Dataset content:

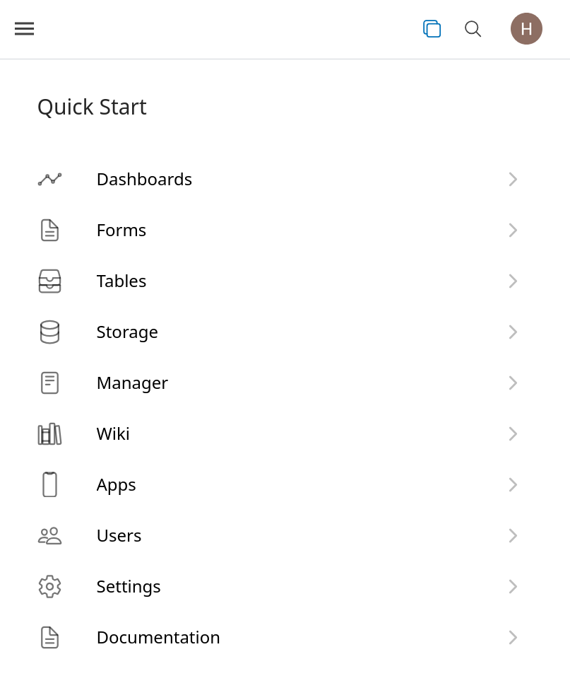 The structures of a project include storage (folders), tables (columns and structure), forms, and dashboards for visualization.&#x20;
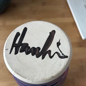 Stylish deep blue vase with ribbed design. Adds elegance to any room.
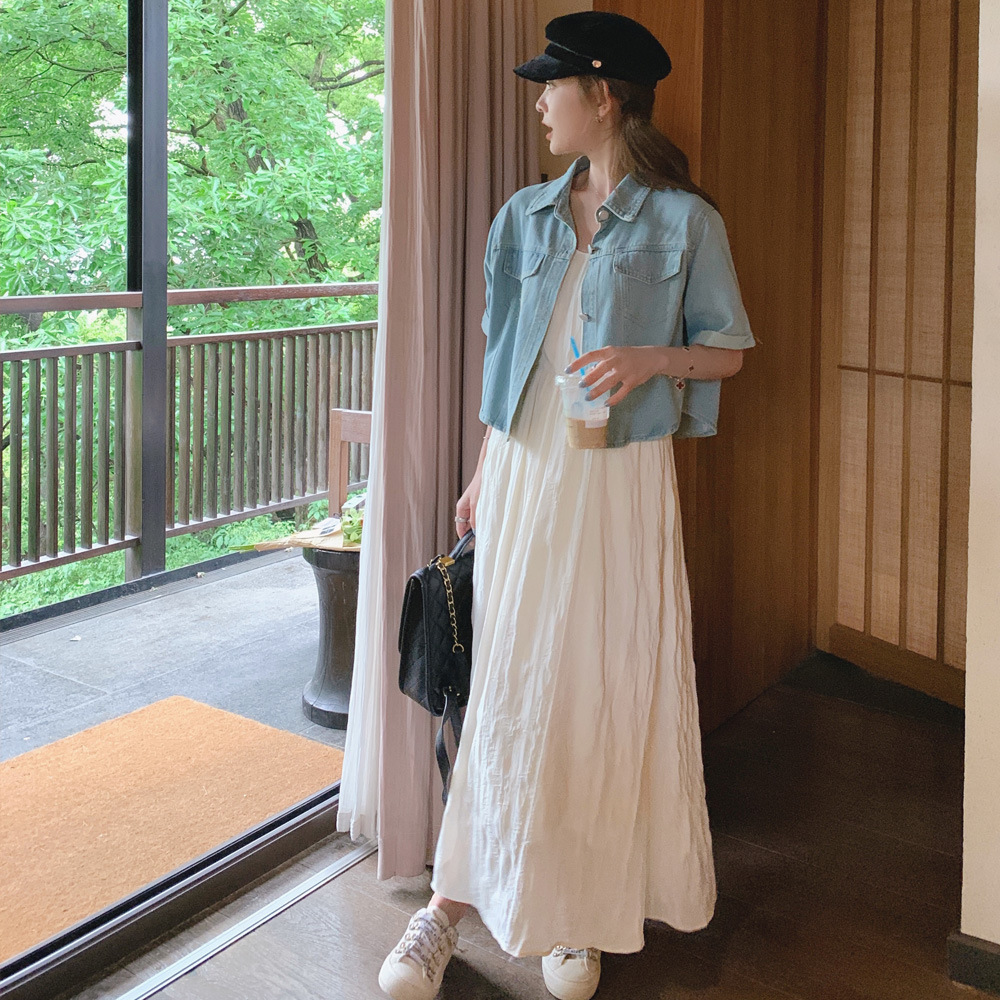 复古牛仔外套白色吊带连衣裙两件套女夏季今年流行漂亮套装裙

To do:
Without the pictures, give every line above again exactly.

Exercise result:
 The structures of a project include storage (folders), tables (columns and structure), forms, and dashboards for visualization.&#x20;
 Stylish deep blue vase with ribbed design. Adds elegance to any room.
 复古牛仔外套白色吊带连衣裙两件套女夏季今年流行漂亮套装裙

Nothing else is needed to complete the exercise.